• **Instructions for the task**
A single number is expected: the count of lines in the entries below that contain "from".

• **The data**

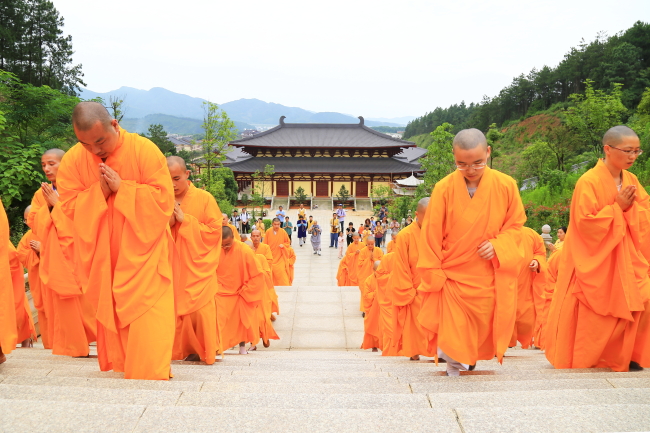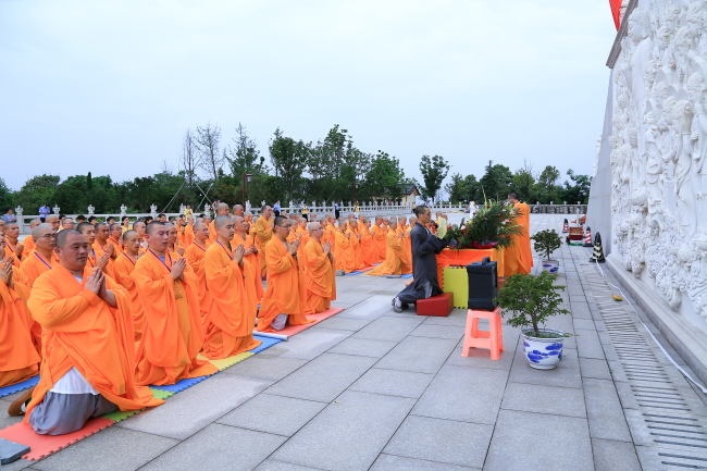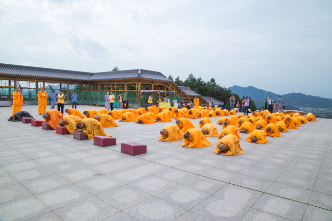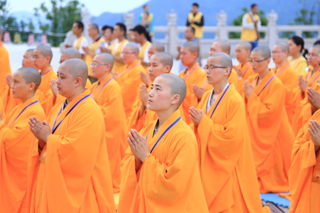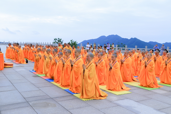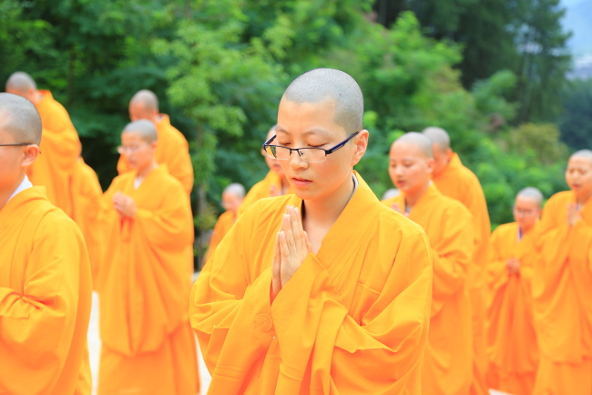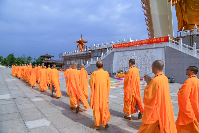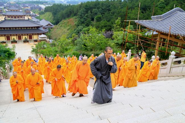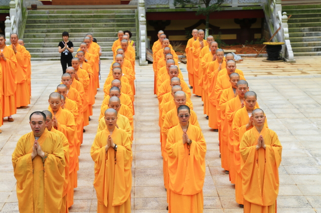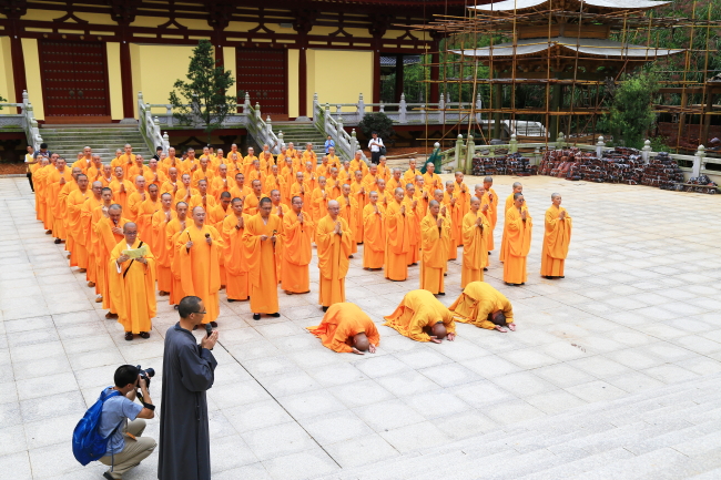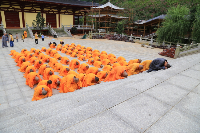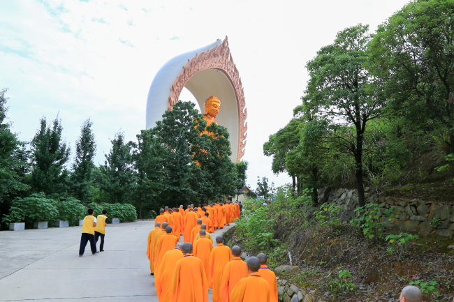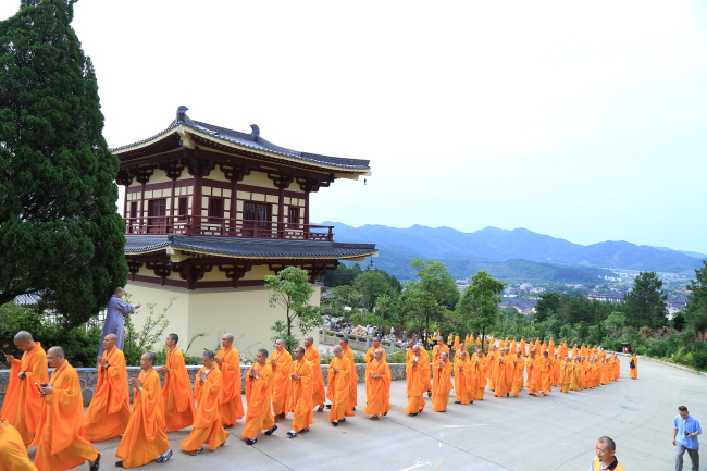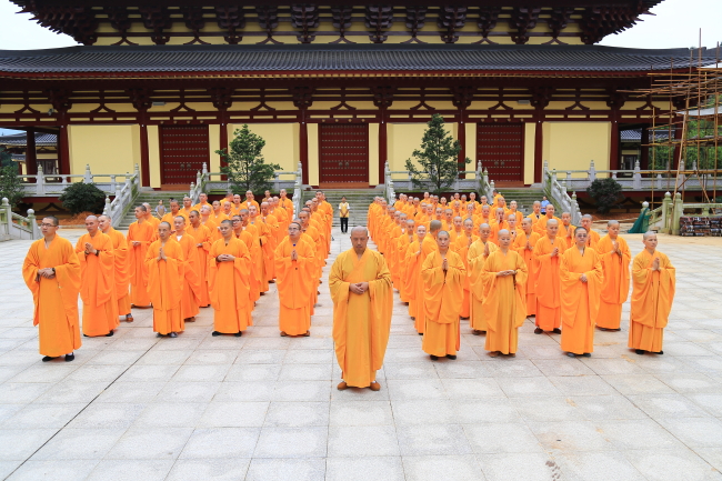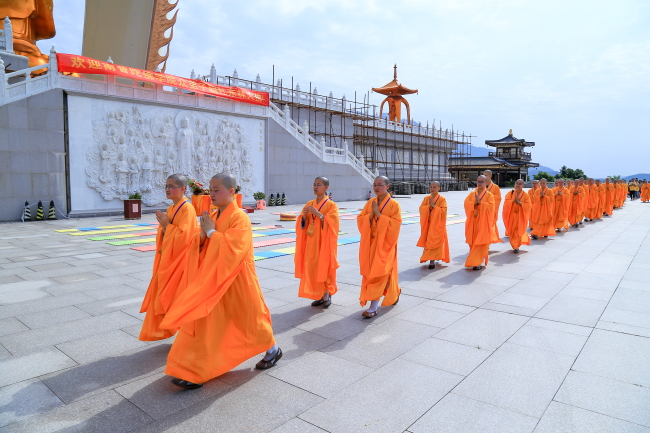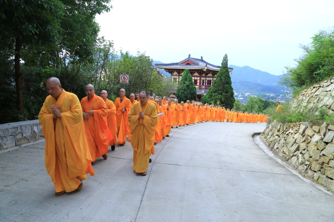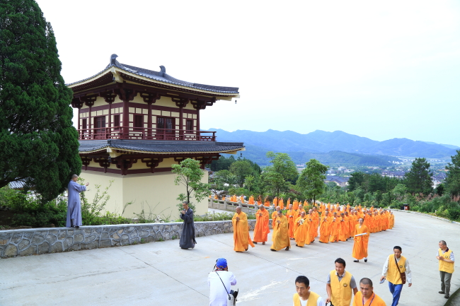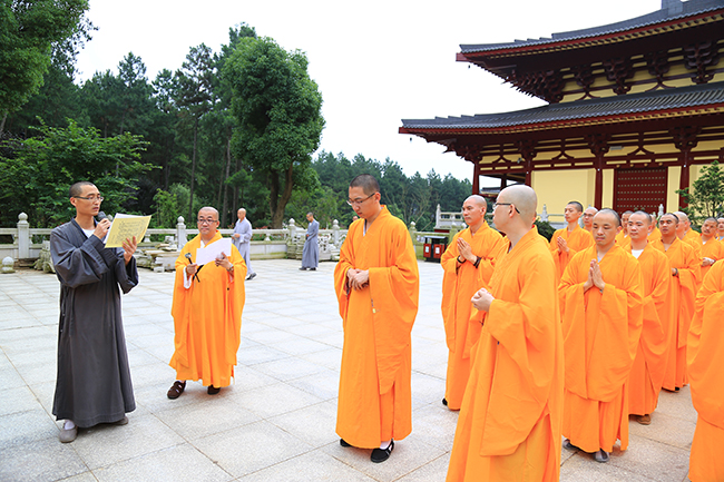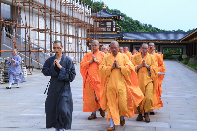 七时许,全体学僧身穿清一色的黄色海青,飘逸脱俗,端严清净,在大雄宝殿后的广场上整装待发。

--

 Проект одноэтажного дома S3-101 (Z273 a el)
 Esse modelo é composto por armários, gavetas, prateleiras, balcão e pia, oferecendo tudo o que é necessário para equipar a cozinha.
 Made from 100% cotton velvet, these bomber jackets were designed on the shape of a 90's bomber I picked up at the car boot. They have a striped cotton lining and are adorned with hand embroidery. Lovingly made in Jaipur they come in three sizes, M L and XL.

--

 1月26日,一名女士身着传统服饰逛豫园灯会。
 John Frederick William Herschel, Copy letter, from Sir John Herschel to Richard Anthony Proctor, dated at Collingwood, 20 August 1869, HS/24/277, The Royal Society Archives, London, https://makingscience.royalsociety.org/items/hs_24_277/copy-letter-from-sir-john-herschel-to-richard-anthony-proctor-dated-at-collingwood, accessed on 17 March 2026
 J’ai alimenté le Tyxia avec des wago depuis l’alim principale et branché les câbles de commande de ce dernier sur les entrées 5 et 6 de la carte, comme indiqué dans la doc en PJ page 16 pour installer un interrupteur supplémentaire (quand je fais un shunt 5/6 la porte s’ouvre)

• **Solved exercise**
2